**Activity**. Reproduce exactly, from the data that follows, the line with "ΑΠΟΓΕΥΜΑΤΙΝΗ - 31 Ιανουαρίου 2025", the line with "ヴァセリンGLUTA-HYA", and every line that lies between them.

**Data supplied**.

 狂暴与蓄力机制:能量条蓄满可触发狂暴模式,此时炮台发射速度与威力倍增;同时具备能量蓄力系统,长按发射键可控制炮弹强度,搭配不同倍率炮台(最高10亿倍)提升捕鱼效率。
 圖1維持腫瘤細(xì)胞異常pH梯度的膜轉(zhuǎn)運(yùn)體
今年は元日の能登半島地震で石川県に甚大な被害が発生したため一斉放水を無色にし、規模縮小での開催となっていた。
==
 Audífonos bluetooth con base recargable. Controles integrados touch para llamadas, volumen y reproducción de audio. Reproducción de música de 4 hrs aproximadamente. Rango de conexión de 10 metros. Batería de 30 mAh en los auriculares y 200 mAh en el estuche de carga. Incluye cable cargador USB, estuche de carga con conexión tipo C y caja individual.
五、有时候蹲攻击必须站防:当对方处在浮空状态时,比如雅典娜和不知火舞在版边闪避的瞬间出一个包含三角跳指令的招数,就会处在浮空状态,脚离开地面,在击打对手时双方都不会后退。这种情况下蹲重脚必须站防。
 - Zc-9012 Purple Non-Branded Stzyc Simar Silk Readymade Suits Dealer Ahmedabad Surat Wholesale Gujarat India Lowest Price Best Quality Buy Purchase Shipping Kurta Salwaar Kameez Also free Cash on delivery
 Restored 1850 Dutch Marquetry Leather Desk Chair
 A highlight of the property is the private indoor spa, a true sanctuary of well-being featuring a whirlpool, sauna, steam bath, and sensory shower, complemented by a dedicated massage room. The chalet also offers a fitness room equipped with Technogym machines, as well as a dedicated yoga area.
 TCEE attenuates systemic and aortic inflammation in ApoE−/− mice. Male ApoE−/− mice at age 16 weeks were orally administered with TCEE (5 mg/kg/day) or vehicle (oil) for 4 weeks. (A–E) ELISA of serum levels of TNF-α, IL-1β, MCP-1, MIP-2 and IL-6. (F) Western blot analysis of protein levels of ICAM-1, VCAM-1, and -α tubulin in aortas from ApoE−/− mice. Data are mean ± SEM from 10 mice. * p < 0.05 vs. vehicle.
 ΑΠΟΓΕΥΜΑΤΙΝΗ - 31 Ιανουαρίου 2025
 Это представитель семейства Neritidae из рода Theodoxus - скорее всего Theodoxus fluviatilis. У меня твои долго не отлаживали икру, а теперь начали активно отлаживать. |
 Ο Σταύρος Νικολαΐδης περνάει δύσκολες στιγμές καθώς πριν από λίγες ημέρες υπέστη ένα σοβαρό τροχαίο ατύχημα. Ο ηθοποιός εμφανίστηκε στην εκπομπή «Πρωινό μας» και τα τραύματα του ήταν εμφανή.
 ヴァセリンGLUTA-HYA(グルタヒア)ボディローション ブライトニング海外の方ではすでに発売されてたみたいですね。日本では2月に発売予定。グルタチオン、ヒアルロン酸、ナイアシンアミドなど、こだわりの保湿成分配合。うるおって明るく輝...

**Response to the task**.
 ΑΠΟΓΕΥΜΑΤΙΝΗ - 31 Ιανουαρίου 2025
 Это представитель семейства Neritidae из рода Theodoxus - скорее всего Theodoxus fluviatilis. У меня твои долго не отлаживали икру, а теперь начали активно отлаживать. |
 Ο Σταύρος Νικολαΐδης περνάει δύσκολες στιγμές καθώς πριν από λίγες ημέρες υπέστη ένα σοβαρό τροχαίο ατύχημα. Ο ηθοποιός εμφανίστηκε στην εκπομπή «Πρωινό μας» και τα τραύματα του ήταν εμφανή.
 ヴァセリンGLUTA-HYA(グルタヒア)ボディローション ブライトニング海外の方ではすでに発売されてたみたいですね。日本では2月に発売予定。グルタチオン、ヒアルロン酸、ナイアシンアミドなど、こだわりの保湿成分配合。うるおって明るく輝...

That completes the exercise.